### TASK PROMPT
Here are some records; quote them exactly, leaving out the pictures.
── MATERIAL PROVIDED ──
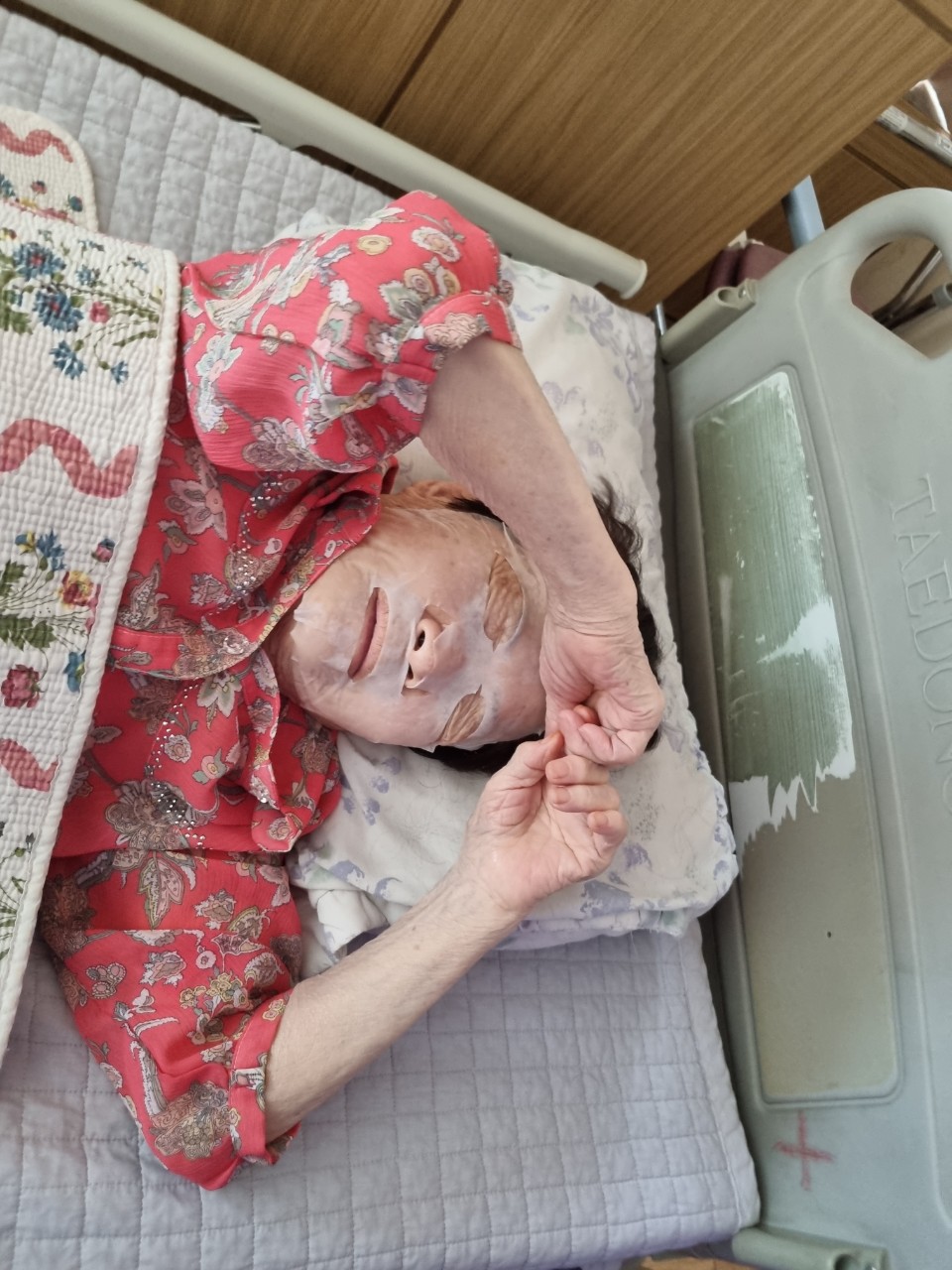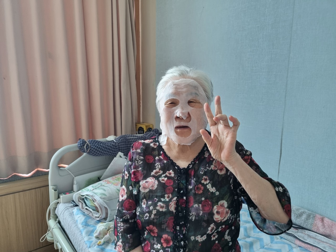 마스크팩을 붙힌 본인의 사진을 보면서 매우 즐거워하셨습니다.
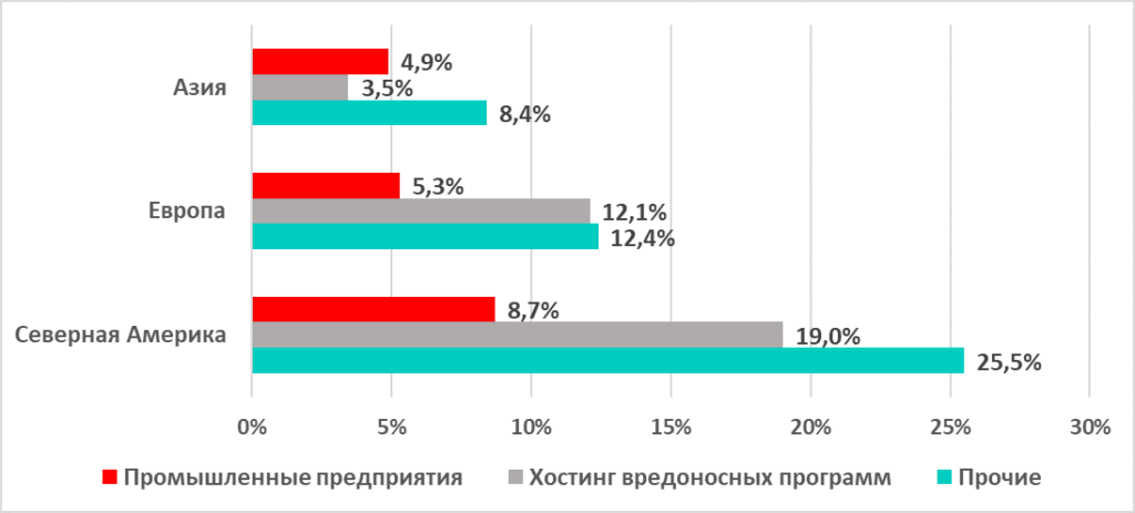 Это неожиданный результат, поскольку 34,6% атакованных компьютеров АСУ принадлежат азиатским компаниям. Однако по результатам анализа выяснилось, что неожиданно большое количество азиатских промышленных компаний среднего размера размещает свою публичную инфраструктуру (DNS-серверы, корпоративные веб-серверы и почтовые серверы) не в Азии, а в Америке — на серверах, арендованных либо непосредственно у американских провайдеров, либо у азиатских провайдеров-посредников, фактически предоставляющих доступ к инфраструктуре американских провайдеров.
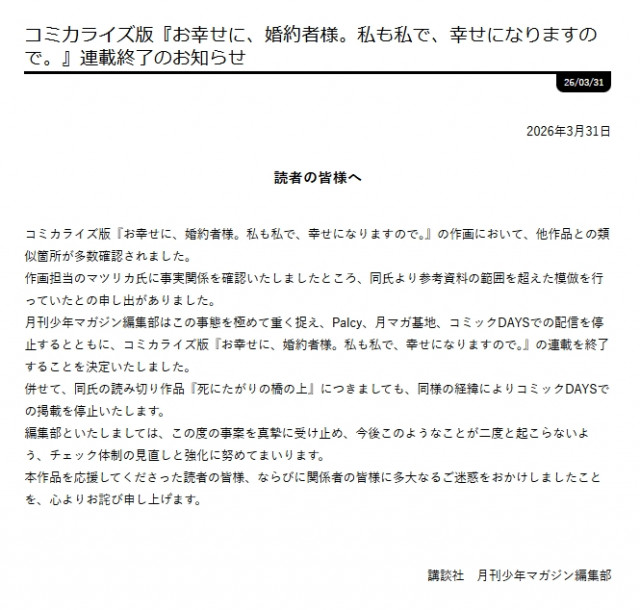 「月刊少年マガジン編集部はこの事態を極めて重く捉え、Palcy、月マガ基地、コミックDAYSでの配信を停止するとともに、コミカライズ版『お幸せに、婚約者様。私も私で、幸せになりますので。』の連載を終了することを決定いたしました」と伝えた。
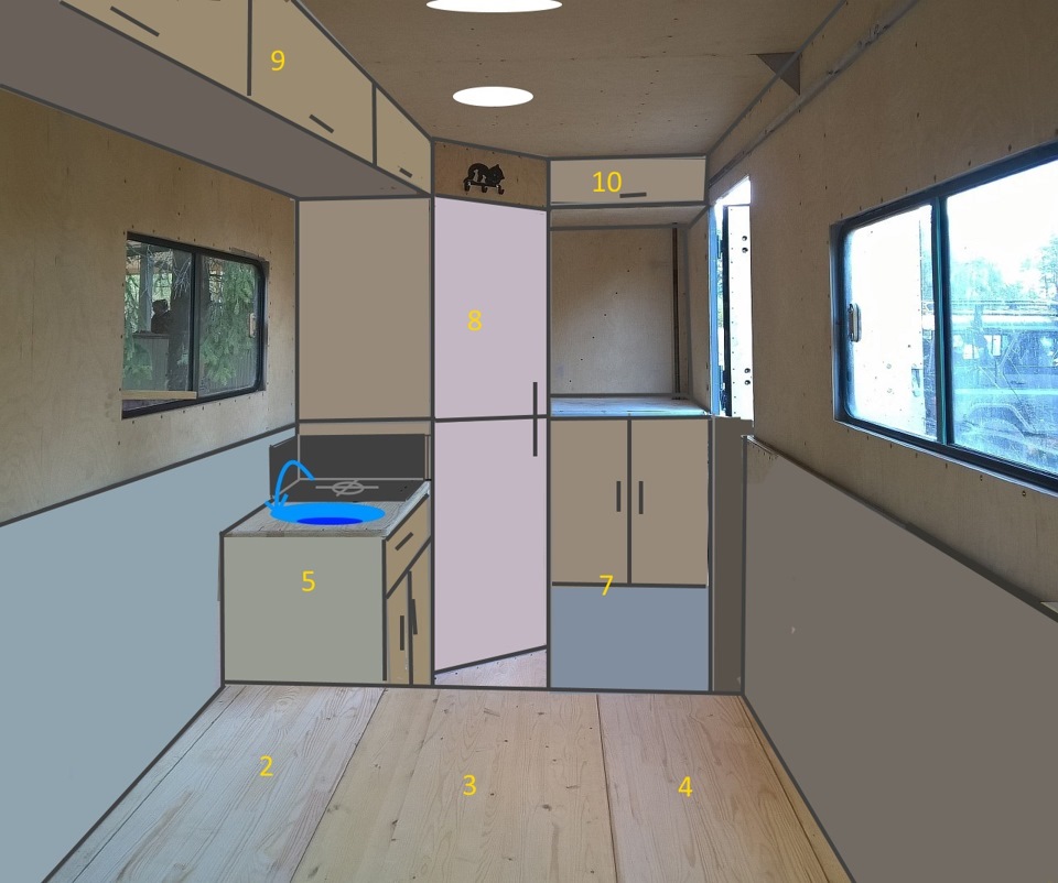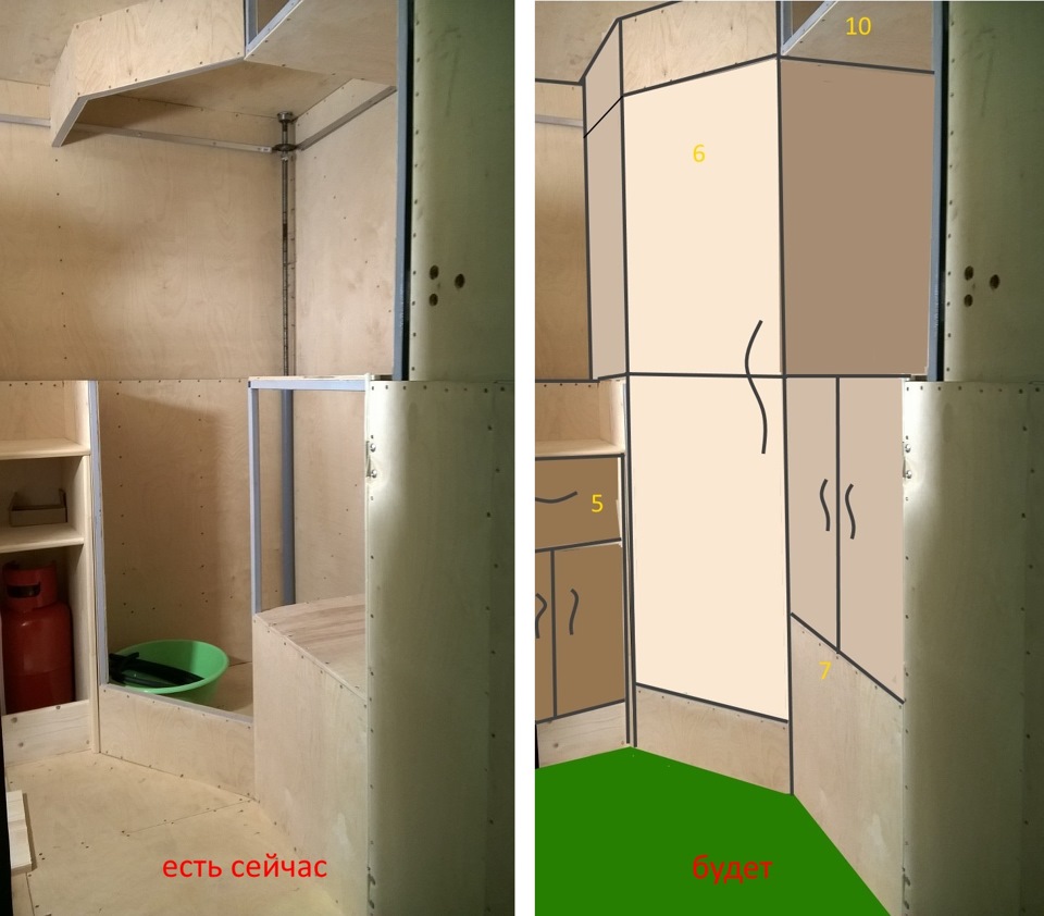 К первому рундуку примыкает сразу мини-кухня. Размер столешницы в которую будет вмонтирована мойка и газовая комфорка 500мм на 400мм. Сам шкафчик имеет размер 500мм на 800мм и глубину 400мм. В нем будет размещен газовый баллон ( обязательно с газоанализатором! И клапаном отсечки газа!). Также слева от баллона будут сделаны полки для хранения тяжелых пищевых запасов! =)) Полочка под раковиной пока не получила своего применения, но скорее всего уду мудрить в ней раскладывающийся элемент для увеличения рабочей поверхности! Это еще под вопросом!
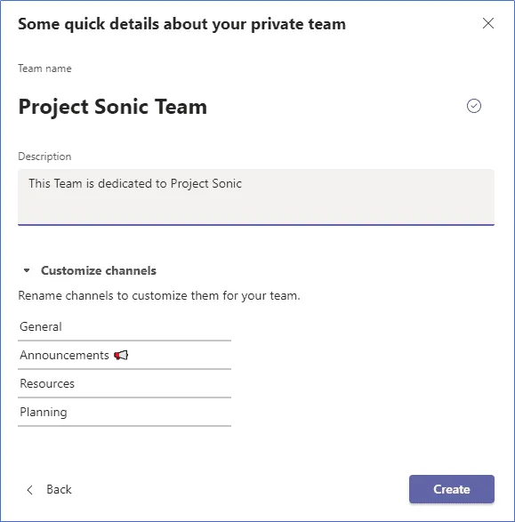 Er is een breed scala aan ingebouwde sjablonen direct beschikbaar en aangepaste sjablonen kunnen helemaal opnieuw worden gemaakt of door de structuur van een bestaand team te kopiëren. Dit betekent dat de meest voorkomende use-cases voor uw organisatie vooraf kunnen worden gedefinieerd en aangeboden als een ‘catalogus’. Een organisatie die bijvoorbeeld meerdere acquisitieprojecten doorloopt en Teams gebruikt om het proces te beheren, kan vooraf een sjabloon definiëren om ervoor te zorgen dat de verstrekte structuur identiek is voor elk project, zelfs als er verschillende teamleden bij betrokken zijn. Wanneer een team wordt ingezet via een sjabloon, kan het vervolgens worden aangepast en bijgewerkt, maar het oorspronkelijke object blijft altijd hetzelfde. Het implementeren van sjablonen is vrij eenvoudig en eindgebruikers kunnen een voorbeeld bekijken van wat ze inrichten voordat ze zich committeren aan het maken van het team:
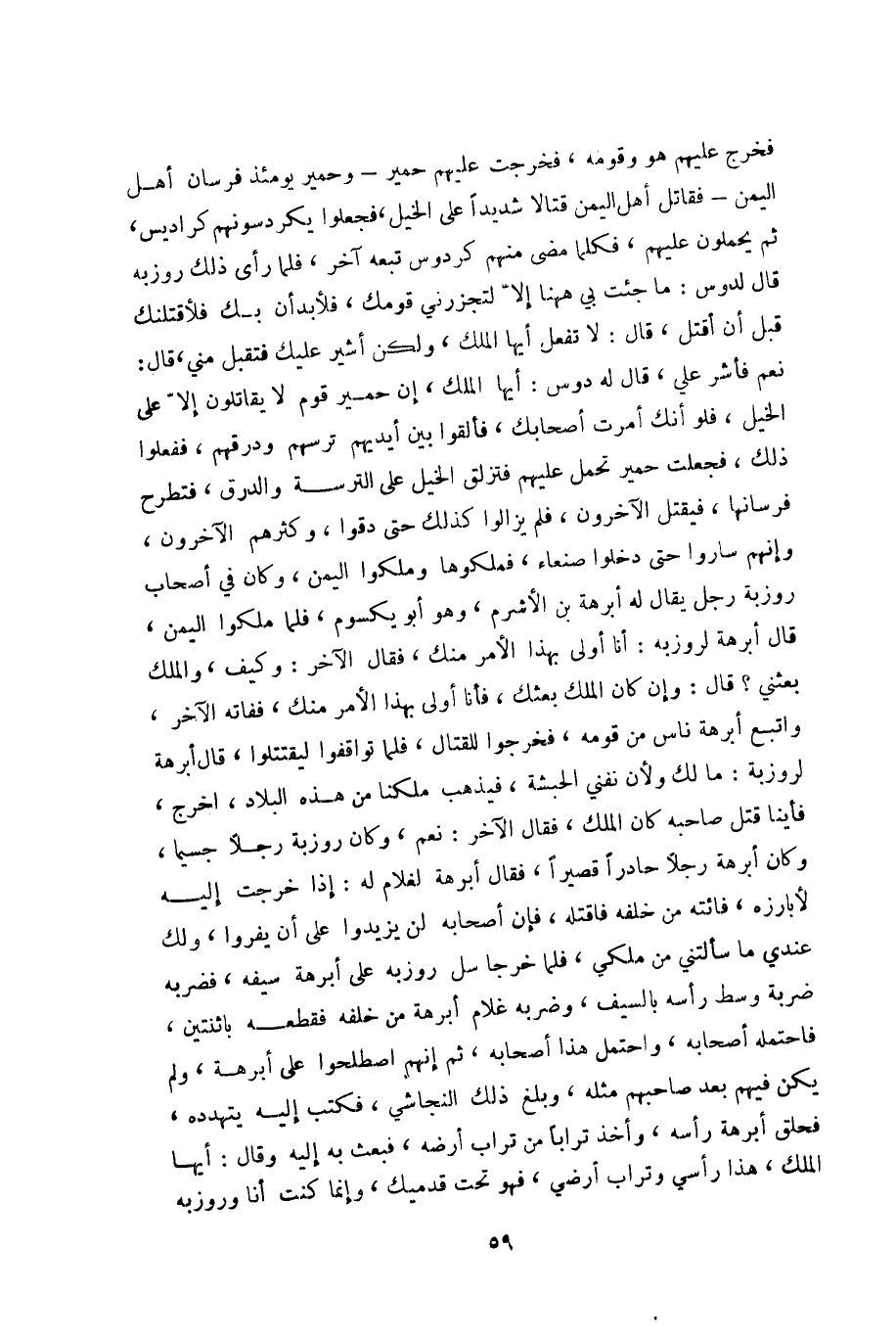 نعم فأشر علي، قال له دوس: أيها الملك، إن حمير قوم لا يقاتلون إلا على الخيل، فلو أنك أمرت أصحابك، فألقوا بين أيديهم ترسهم ودرقهم، ففعلوا ذلك، فجعلت حمير تحمل عليهم فتزلق الخيل على الترسة والدرق، فتطرح فرسانها، فيقتل الآخرون، فلم يزالوا كذلك حتى دقوا، وكثرهم الآخرون، وإنهم ساروا حتى دخلوا صنعاء، فملكوها وملكوا اليمن، وكان في اصحاب روزبة رجل يقال له أبرهة بن الأشرم، وهو أبو يكسوم، فلما ملكوا اليمن، قال أبرهة لروزبة: أنا أولى بهذا الأمر منك، فقال الآخر: وكيف، والملك بعثني؟ قال: وإن كان الملك بعثك، فأنا أولى بهذا الأمر منك، ففاته الآخر، واتبع أبرهة ناس من قومه، فخرجوا للقتال، فلما تواقفوا ليقتتلوا، قال أبرهة لروزبة: ما لك ولأن نفني الحبشة، فيذهب ملكنا من هذه البلاد، اخرج، فأينا قتل صاحبه كان الملك، فقال الآخر: نعم، وكان روزبة رجلاً جسيما، وكان أبرهة رجلاً حادراً قصيراً، فقال أبرهة لغلام له: إذا خرجت إليه لأبارزه، فائته من خلفه فاقتله، فإن أصحابه لن يزيدوا على أن يفروا، ولك عندي ما سألتني من ملكي، فلما خرجا سل روزبه على أبرهة سيفه، فضربه ضربة وسط رأسه بالسيف، وضربه غلام أبرهة من خلفه فقطعه باثنتين، فاحتمله أصحابه، واحتمل هذا أصحابه، ثم إنهم اصطلحوا على أبرهة، ولم يكن فيهم بعد صاحبهم مثله، وبلغ ذلك النجاشي، فكتب إليه يتهدده، فحلق أبرهة رأسه، وأخذ تراباً من تراب أرضه، فبعث به إليه وقال: أيها الملك، هذا رأسي وتراب أرضي، فهو تحت قدميك، وإنما كنت أنا وروزبه
───
### RESULT OF THIS EXERCISE
 마스크팩을 붙힌 본인의 사진을 보면서 매우 즐거워하셨습니다.
 Это неожиданный результат, поскольку 34,6% атакованных компьютеров АСУ принадлежат азиатским компаниям. Однако по результатам анализа выяснилось, что неожиданно большое количество азиатских промышленных компаний среднего размера размещает свою публичную инфраструктуру (DNS-серверы, корпоративные веб-серверы и почтовые серверы) не в Азии, а в Америке — на серверах, арендованных либо непосредственно у американских провайдеров, либо у азиатских провайдеров-посредников, фактически предоставляющих доступ к инфраструктуре американских провайдеров.
 「月刊少年マガジン編集部はこの事態を極めて重く捉え、Palcy、月マガ基地、コミックDAYSでの配信を停止するとともに、コミカライズ版『お幸せに、婚約者様。私も私で、幸せになりますので。』の連載を終了することを決定いたしました」と伝えた。
 К первому рундуку примыкает сразу мини-кухня. Размер столешницы в которую будет вмонтирована мойка и газовая комфорка 500мм на 400мм. Сам шкафчик имеет размер 500мм на 800мм и глубину 400мм. В нем будет размещен газовый баллон ( обязательно с газоанализатором! И клапаном отсечки газа!). Также слева от баллона будут сделаны полки для хранения тяжелых пищевых запасов! =)) Полочка под раковиной пока не получила своего применения, но скорее всего уду мудрить в ней раскладывающийся элемент для увеличения рабочей поверхности! Это еще под вопросом!
 Er is een breed scala aan ingebouwde sjablonen direct beschikbaar en aangepaste sjablonen kunnen helemaal opnieuw worden gemaakt of door de structuur van een bestaand team te kopiëren. Dit betekent dat de meest voorkomende use-cases voor uw organisatie vooraf kunnen worden gedefinieerd en aangeboden als een ‘catalogus’. Een organisatie die bijvoorbeeld meerdere acquisitieprojecten doorloopt en Teams gebruikt om het proces te beheren, kan vooraf een sjabloon definiëren om ervoor te zorgen dat de verstrekte structuur identiek is voor elk project, zelfs als er verschillende teamleden bij betrokken zijn. Wanneer een team wordt ingezet via een sjabloon, kan het vervolgens worden aangepast en bijgewerkt, maar het oorspronkelijke object blijft altijd hetzelfde. Het implementeren van sjablonen is vrij eenvoudig en eindgebruikers kunnen een voorbeeld bekijken van wat ze inrichten voordat ze zich committeren aan het maken van het team:
 نعم فأشر علي، قال له دوس: أيها الملك، إن حمير قوم لا يقاتلون إلا على الخيل، فلو أنك أمرت أصحابك، فألقوا بين أيديهم ترسهم ودرقهم، ففعلوا ذلك، فجعلت حمير تحمل عليهم فتزلق الخيل على الترسة والدرق، فتطرح فرسانها، فيقتل الآخرون، فلم يزالوا كذلك حتى دقوا، وكثرهم الآخرون، وإنهم ساروا حتى دخلوا صنعاء، فملكوها وملكوا اليمن، وكان في اصحاب روزبة رجل يقال له أبرهة بن الأشرم، وهو أبو يكسوم، فلما ملكوا اليمن، قال أبرهة لروزبة: أنا أولى بهذا الأمر منك، فقال الآخر: وكيف، والملك بعثني؟ قال: وإن كان الملك بعثك، فأنا أولى بهذا الأمر منك، ففاته الآخر، واتبع أبرهة ناس من قومه، فخرجوا للقتال، فلما تواقفوا ليقتتلوا، قال أبرهة لروزبة: ما لك ولأن نفني الحبشة، فيذهب ملكنا من هذه البلاد، اخرج، فأينا قتل صاحبه كان الملك، فقال الآخر: نعم، وكان روزبة رجلاً جسيما، وكان أبرهة رجلاً حادراً قصيراً، فقال أبرهة لغلام له: إذا خرجت إليه لأبارزه، فائته من خلفه فاقتله، فإن أصحابه لن يزيدوا على أن يفروا، ولك عندي ما سألتني من ملكي، فلما خرجا سل روزبه على أبرهة سيفه، فضربه ضربة وسط رأسه بالسيف، وضربه غلام أبرهة من خلفه فقطعه باثنتين، فاحتمله أصحابه، واحتمل هذا أصحابه، ثم إنهم اصطلحوا على أبرهة، ولم يكن فيهم بعد صاحبهم مثله، وبلغ ذلك النجاشي، فكتب إليه يتهدده، فحلق أبرهة رأسه، وأخذ تراباً من تراب أرضه، فبعث به إليه وقال: أيها الملك، هذا رأسي وتراب أرضي، فهو تحت قدميك، وإنما كنت أنا وروزبه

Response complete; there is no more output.